* Work instructions:
Restate, word for word, the run of lines that starts at the line containing "四月二十日中午12:30—1" and ends with the final line of the listing. Leave pictures out.

* Given information:
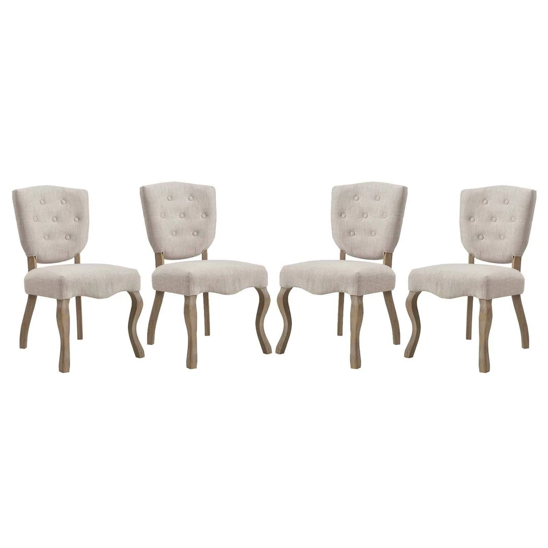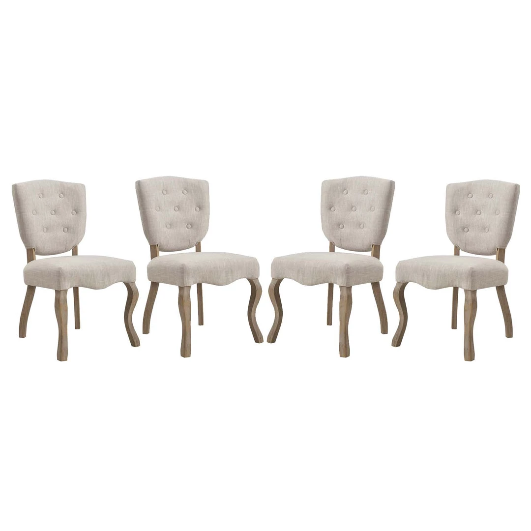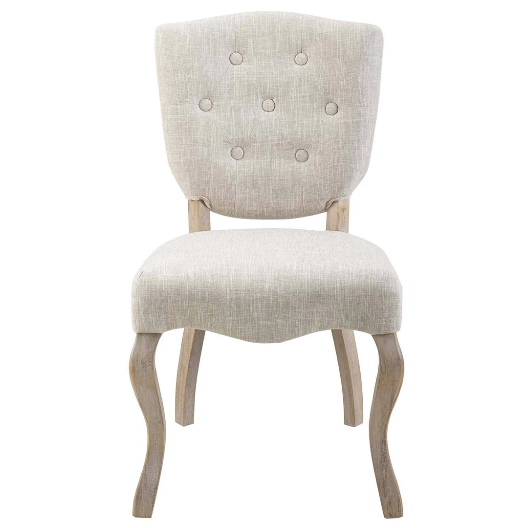 Usher forth a harmonious dining environment with the Array Vintage French Dining Side Chair. Four saber-shaped weathered wood legs develop a sculptured silhouette, while the shield back with button tufting displays hints of opulence. Complete with a generously padded seat, and soft polyester upholstery, Array comes with non-marking foot caps to preserve floor integrity, supports up to 331 pounds, and does not require assembly.
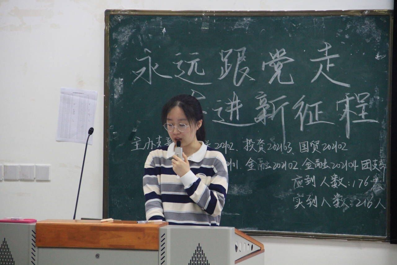 四月二十日中午12:30—13:30,由金融202101团支部,金融202102团支部,金融202104团支部,国贸202102团支部,投资202103团支部及经济(联合)202102团支部联合举办的“永远跟党走,奋进新征程”主题团日活动在成都校区4A106成功举办。到场嘉宾有国贸202102支部班主任助理黄越鑫,金融202102支部班主任助理马宪瑶,金融202104支部班主任助理刘博文和经济(联合)202102支部班主任助理李相星。为积极响应学校疫情防控要求,此次活动采用了线上线下结合的形式,调动了参与支部全体团员青年,参与本次团日活动的人数达240人。
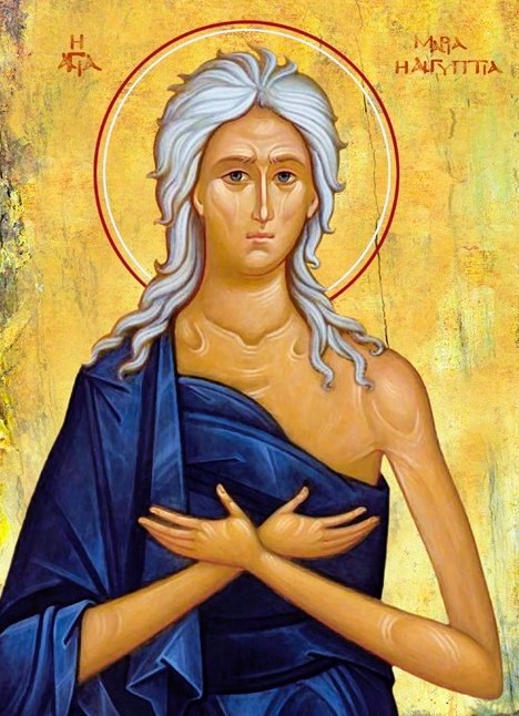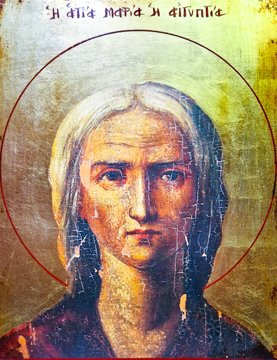 Η Οσία Μαρία καταγόταν από την Αίγυπτο και έζησε τον 6ο αιώνα μ.Χ., την εποχή του αυτοκράτορα Ιουστινιανού. Στα νεανικά της χρόνια ζούσε μέσα στην ακολασία και παρέσυρε πολλούς ανθρώπους στην ηθική καταστροφή. Όταν ήταν 12 χρονών ξέφυγε από την προσοχή των γονιών της και πήγε στην Αλεξάνδρεια, όπου επί 17 χρόνια ζούσε άσωτη ζωή. Από περιέργεια πήγε, με πολλούς άλλους προσκυνητές, στα Ιεροσόλυμα, για να παραβρεθεί στην ύψωση του Τίμιου Σταυρού. Όταν όμως θέλησε να μπει στον ναό της Αναστάσεως, την ημέρα που υψωνόταν ο Τίμιος Σταυρός, ένοιωσε 3-4 φορές κάποιαν αόρατη δύναμη μέσα, που την εμπόδιζε να μπει, ενώ το πλήθος έμπαινε ανεμπόδιστα.
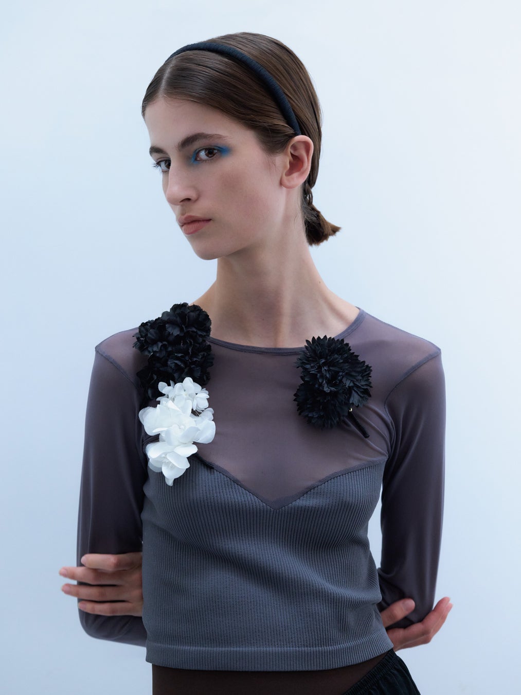 “高貴”という花言葉を持つ菊の花を、シアーな生地を立体的に重ねて表現。

* Task result:
 四月二十日中午12:30—13:30,由金融202101团支部,金融202102团支部,金融202104团支部,国贸202102团支部,投资202103团支部及经济(联合)202102团支部联合举办的“永远跟党走,奋进新征程”主题团日活动在成都校区4A106成功举办。到场嘉宾有国贸202102支部班主任助理黄越鑫,金融202102支部班主任助理马宪瑶,金融202104支部班主任助理刘博文和经济(联合)202102支部班主任助理李相星。为积极响应学校疫情防控要求,此次活动采用了线上线下结合的形式,调动了参与支部全体团员青年,参与本次团日活动的人数达240人。
 Η Οσία Μαρία καταγόταν από την Αίγυπτο και έζησε τον 6ο αιώνα μ.Χ., την εποχή του αυτοκράτορα Ιουστινιανού. Στα νεανικά της χρόνια ζούσε μέσα στην ακολασία και παρέσυρε πολλούς ανθρώπους στην ηθική καταστροφή. Όταν ήταν 12 χρονών ξέφυγε από την προσοχή των γονιών της και πήγε στην Αλεξάνδρεια, όπου επί 17 χρόνια ζούσε άσωτη ζωή. Από περιέργεια πήγε, με πολλούς άλλους προσκυνητές, στα Ιεροσόλυμα, για να παραβρεθεί στην ύψωση του Τίμιου Σταυρού. Όταν όμως θέλησε να μπει στον ναό της Αναστάσεως, την ημέρα που υψωνόταν ο Τίμιος Σταυρός, ένοιωσε 3-4 φορές κάποιαν αόρατη δύναμη μέσα, που την εμπόδιζε να μπει, ενώ το πλήθος έμπαινε ανεμπόδιστα.
 “高貴”という花言葉を持つ菊の花を、シアーな生地を立体的に重ねて表現。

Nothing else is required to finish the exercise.